### EXERCISE DETAILS
Retype exactly what appears below from the line containing "Antracitszürke színű, hosszú" down to the line containing "환영식 겸 몸풀기에 돌입한", keeping both end lines. Do not include pictures.

### RECORDED INFORMATION
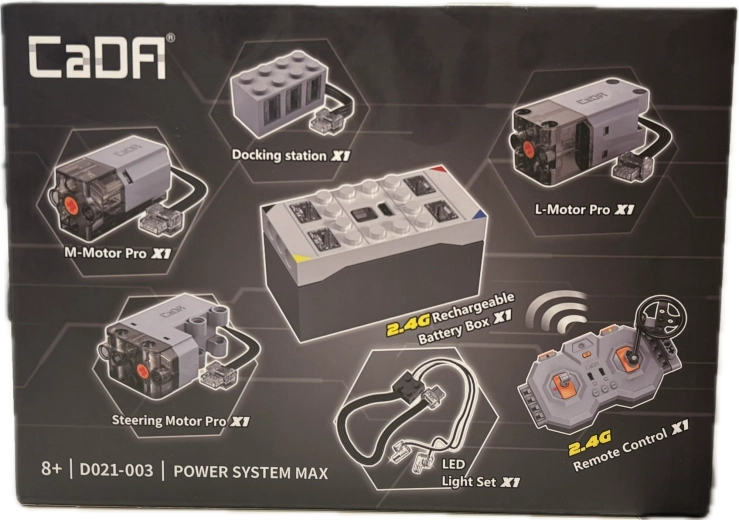 Bővítse CADA készleteit valósághű hajtással és világítással a Power System Max készletnek köszönhetően. Pontos, zavarásmentes 2,4 GHz-es vezérlést, hosszú üzemidőt biztosító akkumulátort és számos szabványos méretű modellhez való kompatibilitást kap. A csomagban három nagy teljesítményű motor, LED világítás, távirányító és USB töltőkábel található – minden, ami a szórakozás új szintre emeléséhez kell.
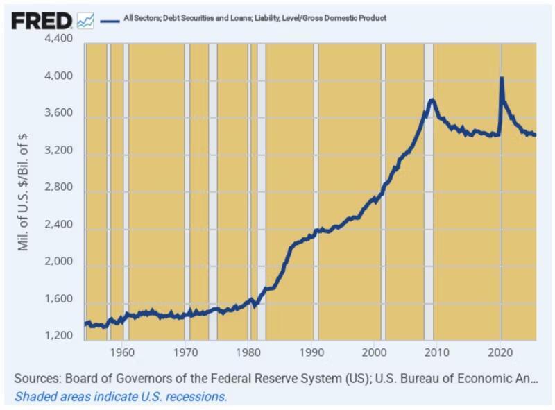 US Total Leverage Ratio: Debt-to-GDP, 1954 to 2025
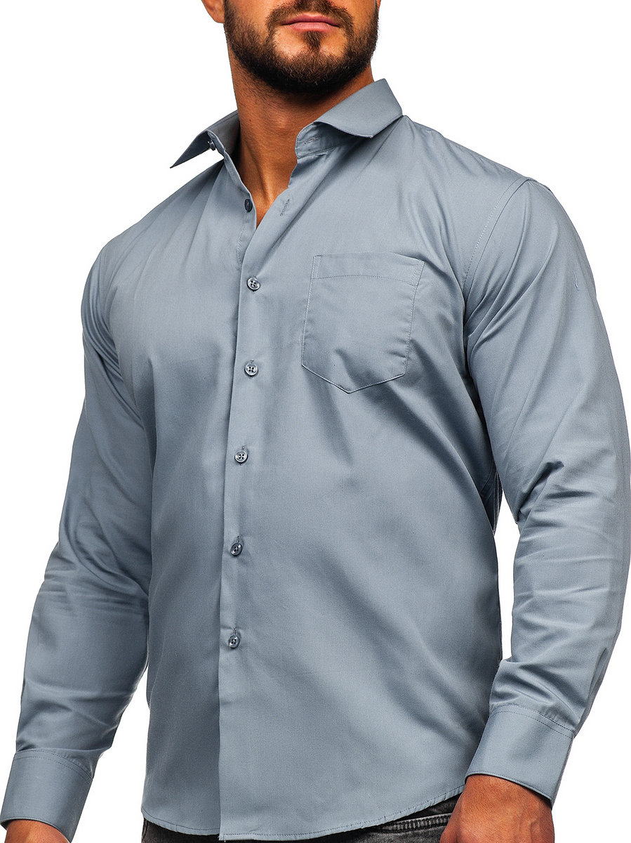 Antracitszürke színű, hosszú ujjú, elegáns férfiing -Bolf M14- egy igazi must have minden férfi ruhásszekrényében. Hosszú ujjú, gombolható ing "olasz" típusú gallérral. Állítható, egysoros, egy gombos mandzsettával. Klasszikus ing kerekített alsó résszel, kis praktikus mellzsebbel. Tökéletes egy baráti kiruccanásra a klubba, vagy akár egy fontos találkozóra. Az ing basic jellege lehetővé teszi számos rendkívüli stilizáció létrehozását bármilyen alkalomra. Állítsd össze a saját elegáns outfited chinóval és zakóval. Casual viselethez válassz egyfarmert és egy bőrdzsekit.
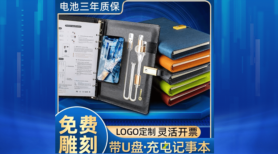 PU热压变色变革、8000mAh后置充电、磁扣16G优盘、3种充电接口
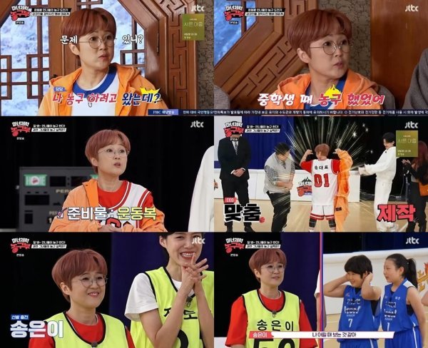환영식 겸 몸풀기에 돌입한 송은이는 개성 넘치는 ‘농구 패션’으로 시선을 단번에 사로잡았다. 그는 “스태프들이 저한테 거는 기대가 큰 거 같다”라며 소속사 직원들이 특별 제작한 송대표 농구복을 자랑, 남다른 맞춤 제작 의상으로 ‘농구 어린이’의 당찬 각오를 어필했다.
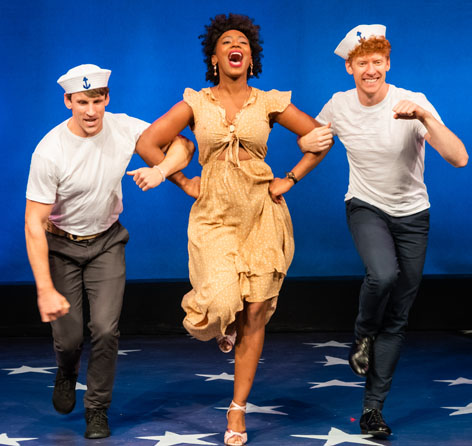 Hattie Maloney (Klea Blackhurst) has been for three years the headline vocalist at a Panama City dive called The Tropical Shore. She’s well known and well liked, especially by carefree, testosterone-driven sailors from a local Naval Base: Woozy (Jay Aubrey Jones), Windy (Garen McRoberts), Skat (Joe Veale – swell tenor). “Join the Navy and get the gravy (girls),” they ably sing.
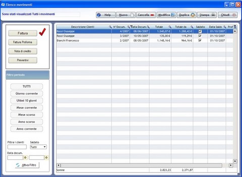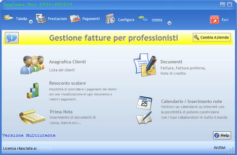 Software fatturazione professionisti, semplice programma che ti consente la creazione e la stampa di fatture per professionisti in maniera veramente immediata e semplice. E' possibile controllare le fatture emesse con dei semplici clic del mouse è altrettanto semplice controllare il fatturato dei clienti. E' prevista anche la stampa delle fatture pro-forma dei preventivi e delle note di credito.
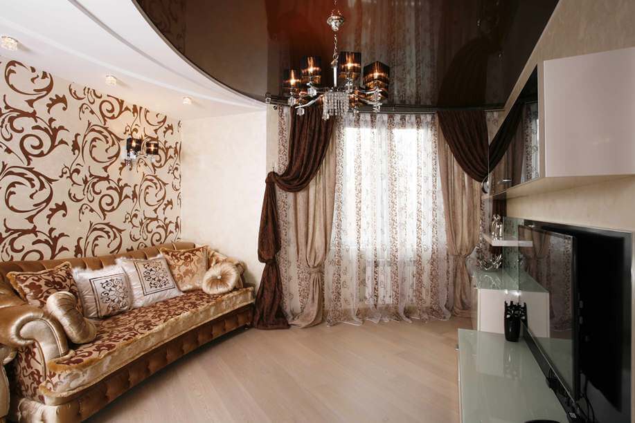 На фото глянцевая пленка шоколадного оттенка на потолке в гостиной.
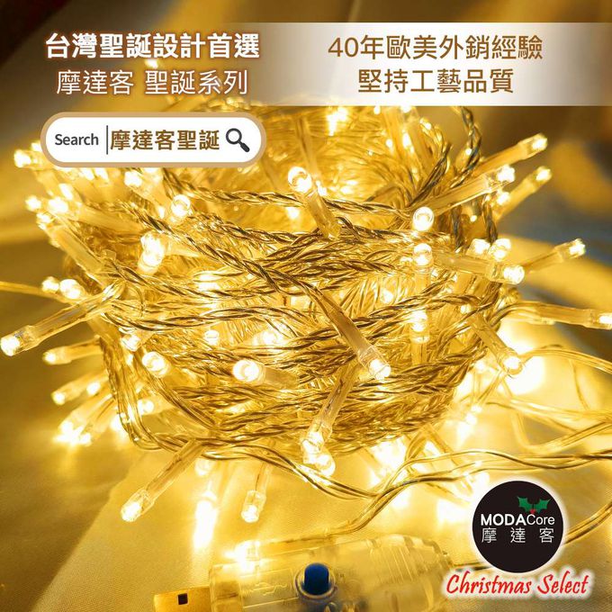 品名:浪漫療癒100燈LED高亮度透明線聖誕燈樹燈串-暖白光(USB充電接頭+控制器)
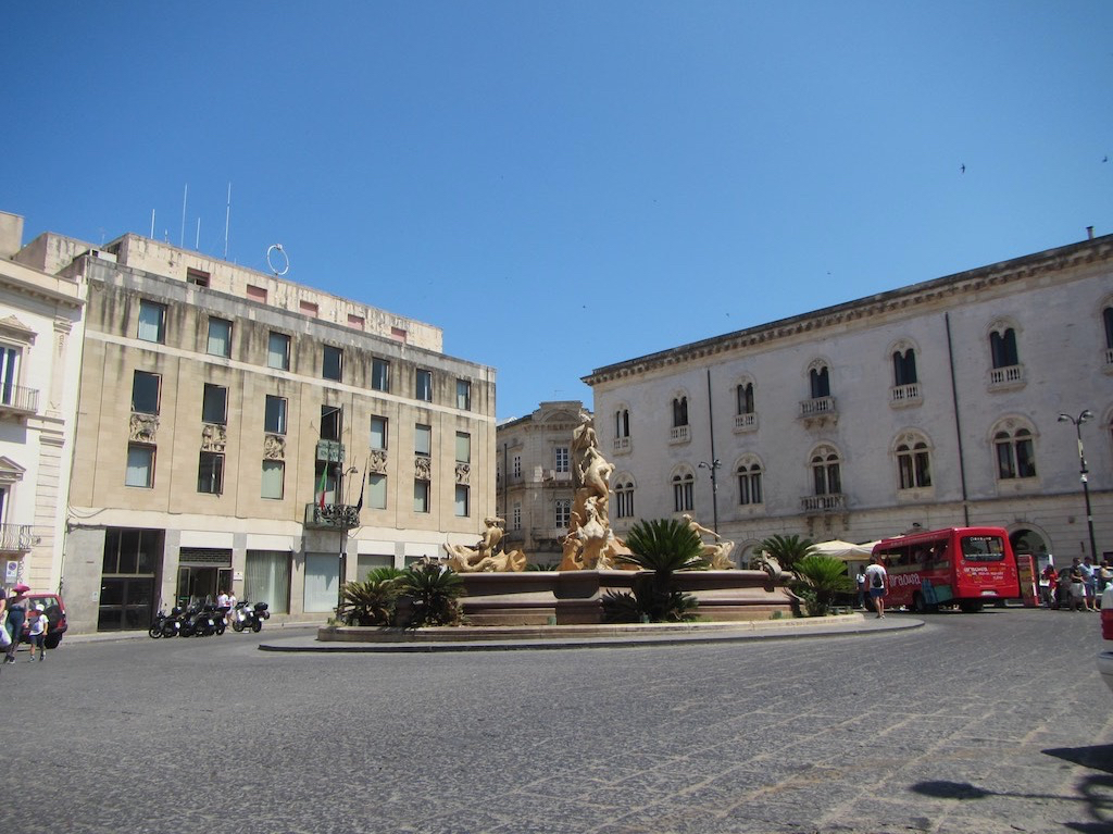 Zuerst aber noch am schönen Brunnen auf der Piazza Archimede vorbei.
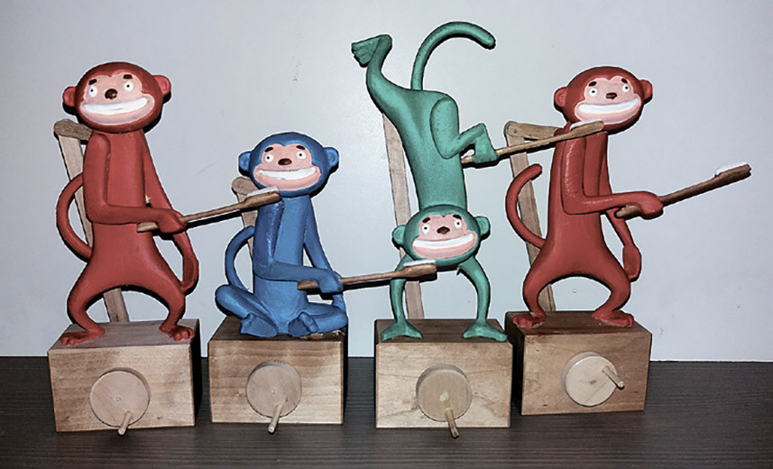 Обезьянки, в отличие от всего остального, там представленного, были всего лишь нарисованы. И я решил, что хорошо бы, чтобы какие-то механические игрушечные обезьянки реально чистили друг другу свои игрушечные зубки по такой же схеме. Обратился к Юрию Иванову из Чистополя, автору деревянных миниатюрных художественных скульптур, который делает и механические куклы. Он счёл задачу интересной, придумал художественное и техническое решение и изготовил эти игрушки. Получилось, по-моему, красиво (см. фото).
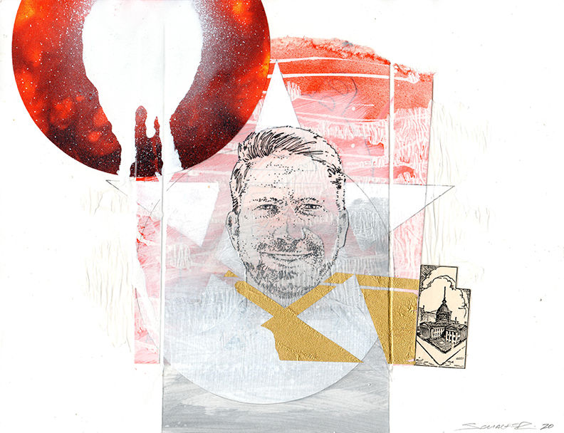 Tabloid, spray paint, paper, tissue paper, ink, champagne foil, acrylic, and pencil on 110lb paper
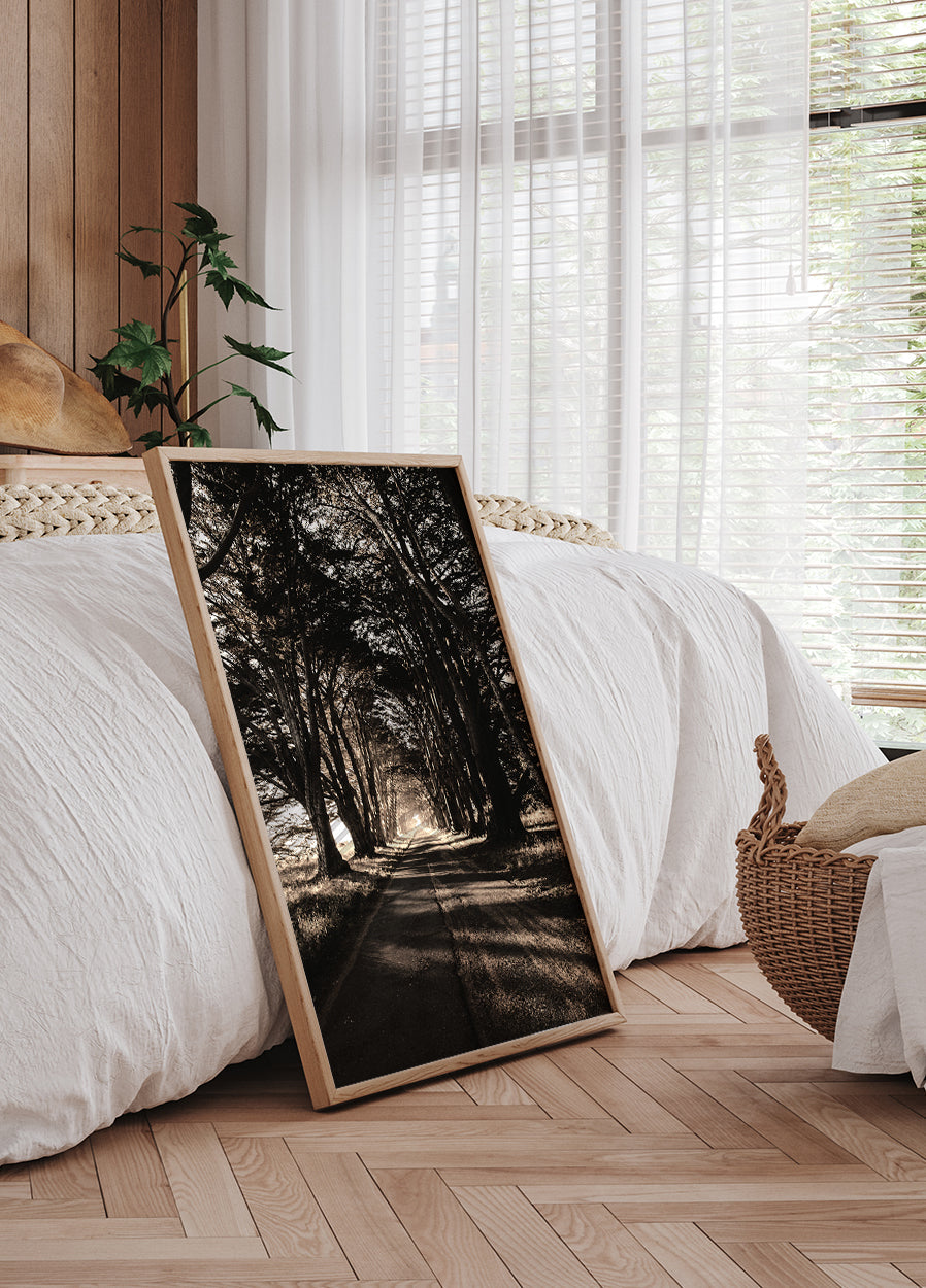 Weg tussen bomen poster
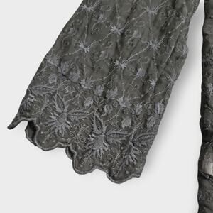 Johnny Was 4 Love & Liberty Grey Silk Floral Embroidered Tunic Blouse Sz Large
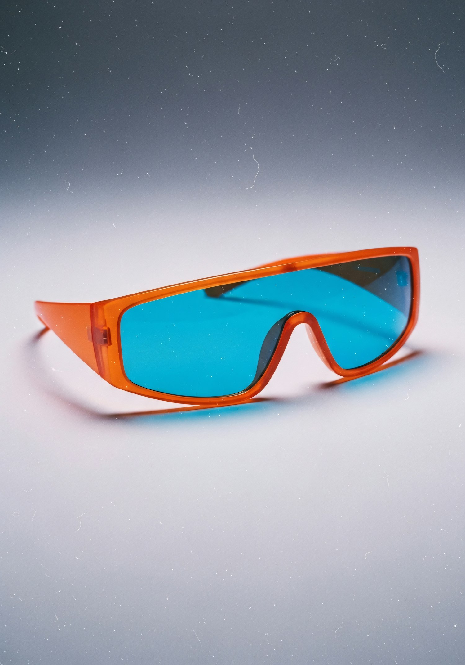 Bold orange sunglasses with blue lenses on a gradient background, showcasing a modern and sporty design.
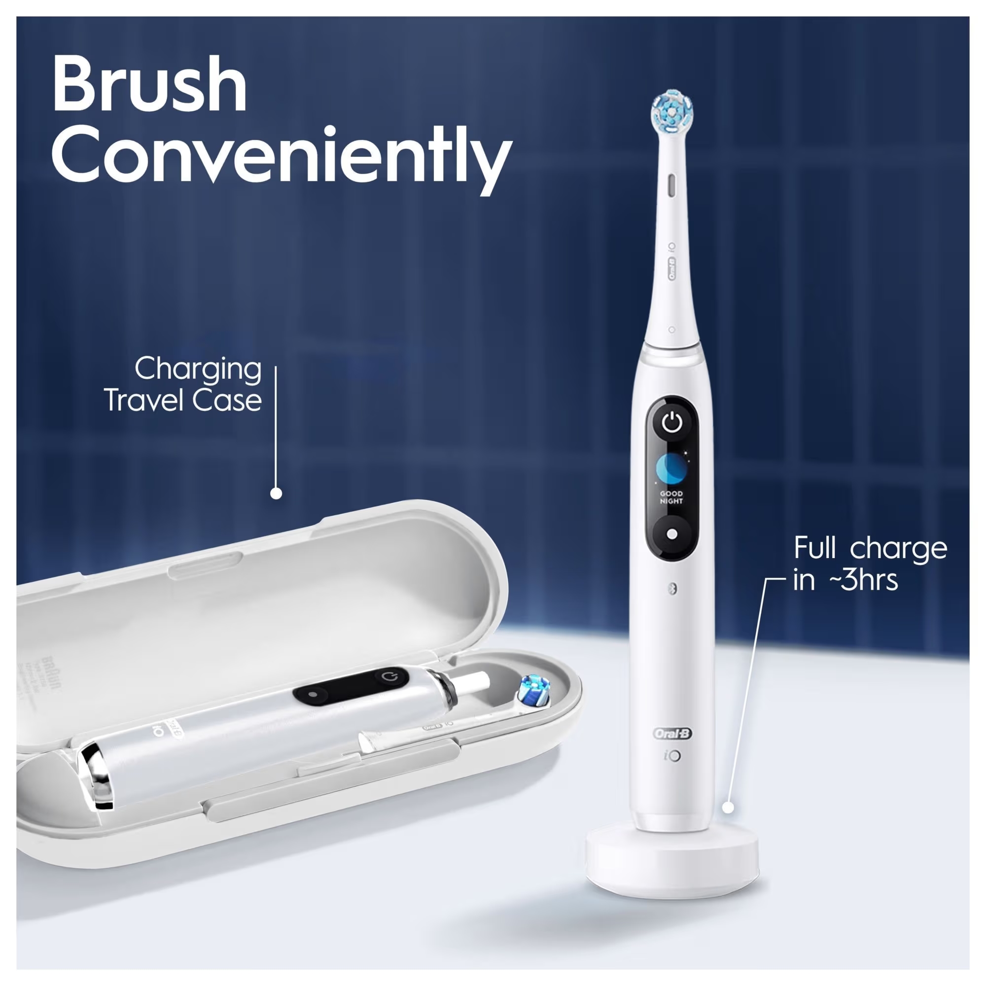 Mukana toimitettu matkakotelo lataa hammasharjasi, kun otat sen mukaan työ- tai lomamatkoille.

### RESPONSE AREA
 Antracitszürke színű, hosszú ujjú, elegáns férfiing -Bolf M14- egy igazi must have minden férfi ruhásszekrényében. Hosszú ujjú, gombolható ing "olasz" típusú gallérral. Állítható, egysoros, egy gombos mandzsettával. Klasszikus ing kerekített alsó résszel, kis praktikus mellzsebbel. Tökéletes egy baráti kiruccanásra a klubba, vagy akár egy fontos találkozóra. Az ing basic jellege lehetővé teszi számos rendkívüli stilizáció létrehozását bármilyen alkalomra. Állítsd össze a saját elegáns outfited chinóval és zakóval. Casual viselethez válassz egyfarmert és egy bőrdzsekit.
 PU热压变色变革、8000mAh后置充电、磁扣16G优盘、3种充电接口
환영식 겸 몸풀기에 돌입한 송은이는 개성 넘치는 ‘농구 패션’으로 시선을 단번에 사로잡았다. 그는 “스태프들이 저한테 거는 기대가 큰 거 같다”라며 소속사 직원들이 특별 제작한 송대표 농구복을 자랑, 남다른 맞춤 제작 의상으로 ‘농구 어린이’의 당찬 각오를 어필했다.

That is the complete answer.